Frankreich will online-Glücksspielseiten filtern

Verfasst von sac am 13. Oktober 2009 - 14:12
  • Frankreich
  • Informationsfreiheit / Zugang zu Information
  • Redefreiheit


Dieser Artikel ist auch verfügbar auf:
Englisch: France wants to filter online gambling sites

Vom 7. bis zum 9. Oktober 2009 wird die Französische Nationalversammlung einen Gesetzesentwurf zur Eröffnung des Wettbewerbs und der Regulierung des online-Glücksspielsektors diskutieren. Der Text sieht die Schaffung einer ähnlichen Behörde wie HADOPI namens ARJEL vor, die die Filterungen der Glücksspielseiten verwalten soll, die des illegalen Betriebs verdächtigt werden.

Auch wenn ARJEL in einer ersten Version des Gesetzesentwurfs zur Sperre der Seite auf einen Richter verwies, wird den Behörden in der derzeitigen Fassung das direkte Recht zugestanden, den ISPs die Filterungen von Webseiten aufzuzwingen, um das Verfahren zu beschleunigen.

ARJEL soll ähnlich wie HADOPI funktionieren. Die Behörde wird die nicht autorisierten Glücksspielseiten kontaktieren und sie auffordern, das Verbot zu beachten; sie werden acht Tage Zeit haben, ihre Positionen darzulegen. Im Falle der Nichtbefolgung kann die Behörde die Sperre des Dienstes verordnen. Die Behörde kann auf Antrag jeder natürlichen oder rechtlichen Person handeln.

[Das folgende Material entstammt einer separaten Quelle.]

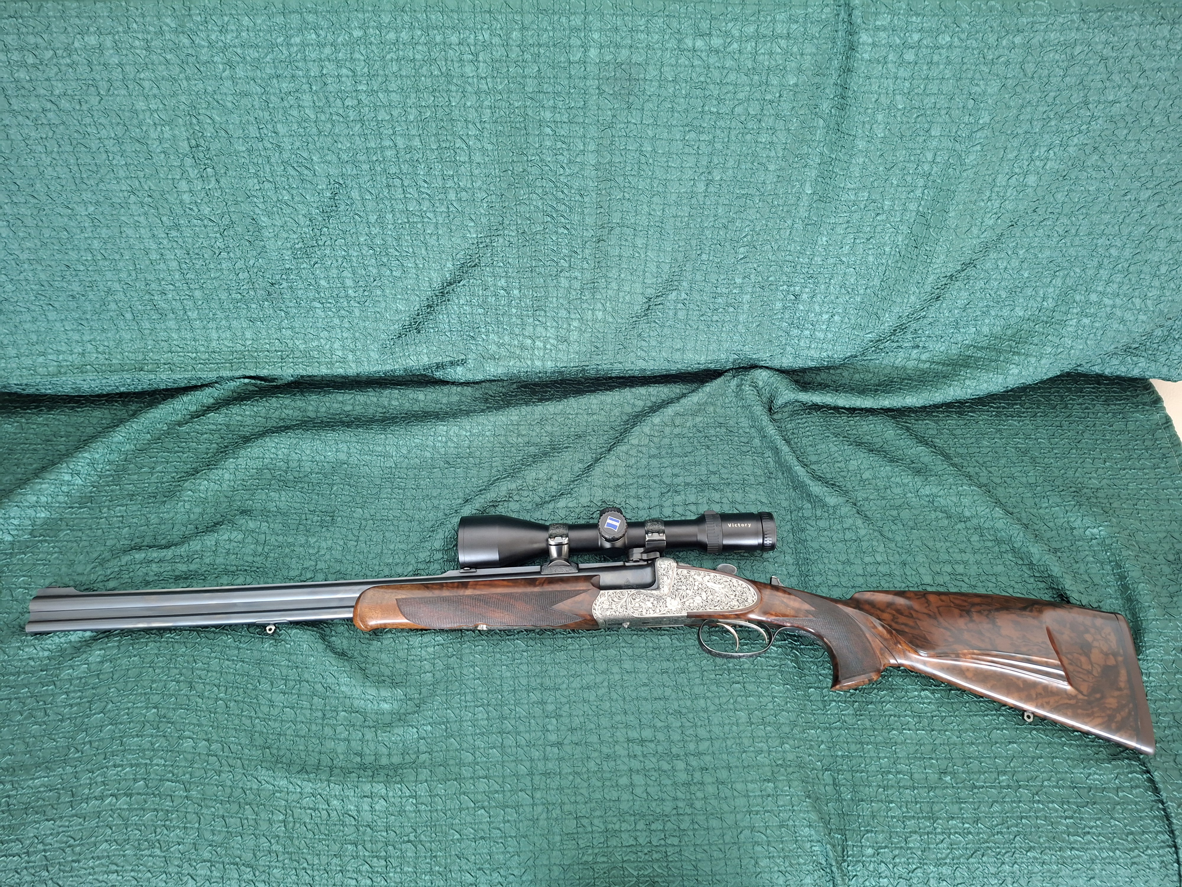 Zum Verkauf kommt ein Seitenschlossdrilling der Fa. Jakob Koschat, Ferlach Fabr.-Nr.: 26.1697, handgearbeitetes Unikat.
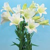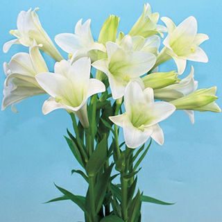 8月下旬~9月中旬開花で、彼岸まで採花可能。タネから楽しめる新鉄砲ユリ。花数が多く斜め上から横向きで、1 本でも花束のようなボリューム。スマートな草姿のため軽く作業性がよい。苗揃いがよく、葉枯れ病に強い。ユリ科
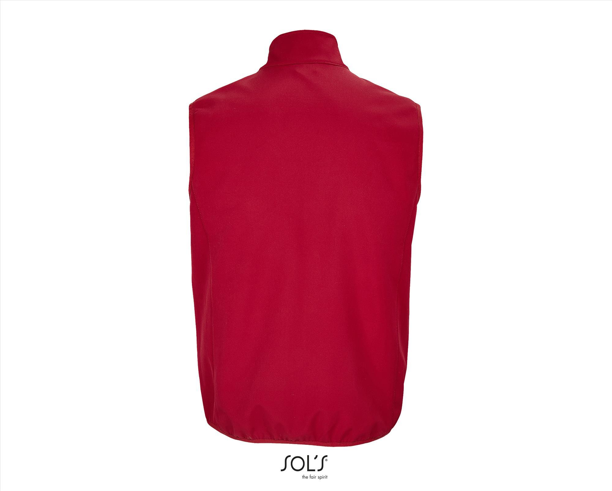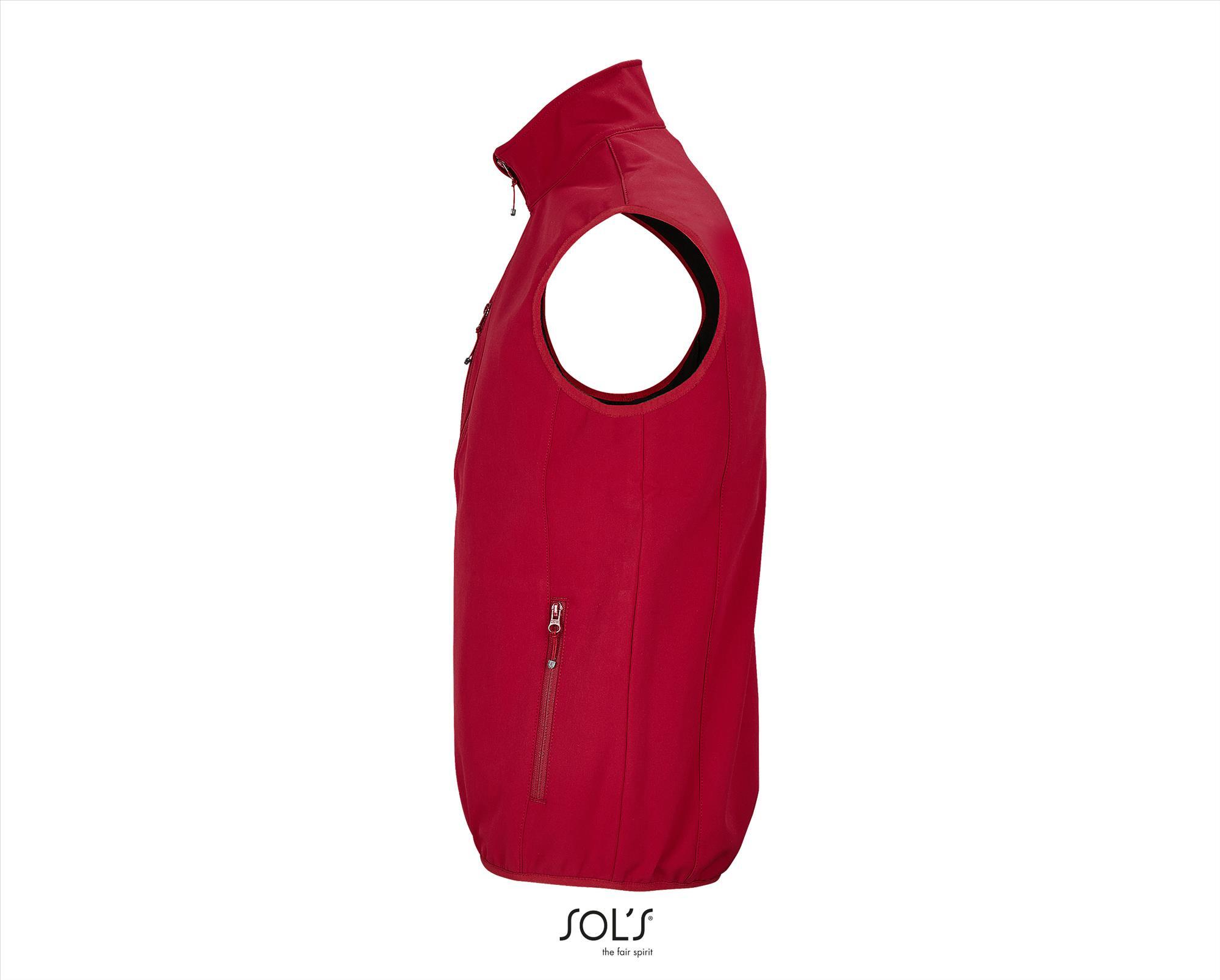 Een 3 laags Softshel Bodywarmer peper rood voor heren met gerecycled polyester. Merk SOL'S Falcon BW Men. Materiaal:94% Recycled Polyester - 6% Elastane. Dikte:270 g/m2. Foto met model erop is een sfeer foto kleur buiten beschouwing houden. Land van herkomst:Bangladesh.
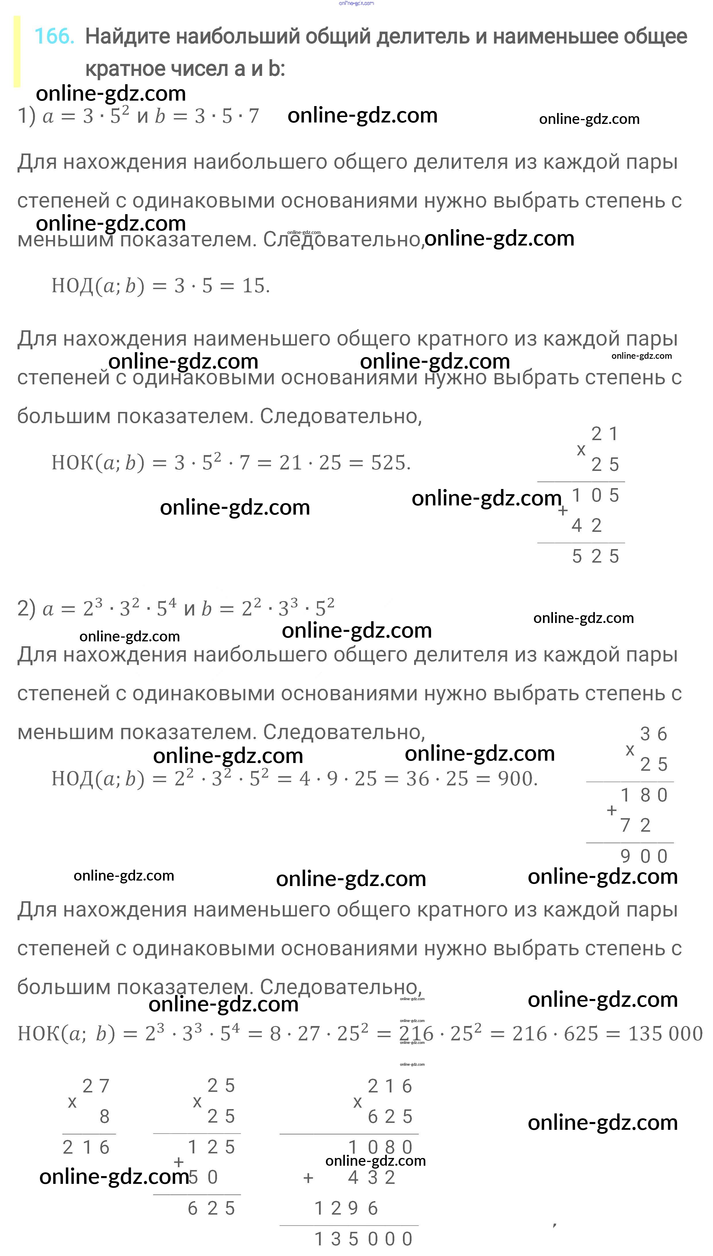 Готовые домашние задания по Математике за 6 класс Учебник Мерзляк, Полонский Алгоритм успеха 2016 - Глава 1. Делимость натуральных чисел (упражнения) 166
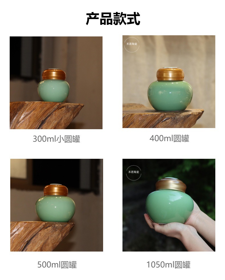 Круглая банка Целадон (300 мл); Круглая банка Целадон (400 мл); Селадон круглая банка (500 мл); Селадон круглая банка (1050 мл); Селадон тыква (200 мл); Селадон средняя баночка для тыквы (360 мл); Селадон баночка тыквы (450 мл); Селадоновая банка с прямым горлышком (300 мл); Селадон круглая прямая банка (450 мл); Селадон маленькая баночка башни (200 мл); Селадон средняя баночка башни (300 мл); Селадон талии банку (750 мл); Подарочная коробка One; Подарочная коробка 2; Подарочная коробка три (двойные консервы); Селадон большой баночка башни (400 мл)

Im Text gibt es keinen Hinweis auf die Filtermethoden, die verwendet werden sollen oder die Art und Weise, wie die Liste der zu sperrenden Seiten veröffentlicht gemacht oder aktualisiert werden soll, und auch keinerlei Hinweis darauf, wie die Kosten, die durch die Sperren der Webseiten entstehen, gedeckt werden sollen. Der Abgeordnete Lionel Tardy und die sozialistischen Gruppe haben einen Zusatz zu dem Text eingereicht, in dem sie fordern, dass die Filtermodalitäten durch das Gesetz spezifiziert werden, und auch die Modalitäten zur Kompensierung der Kosten mit Unterstützung der Betreiber. Die Gruppe fordert außerdem die Wiedereinführung des ursprünglichen Rechtsverfahrens, in dem ein Richter derjenige ist, der die Entscheidung zur Sperre der Webseiten trifft.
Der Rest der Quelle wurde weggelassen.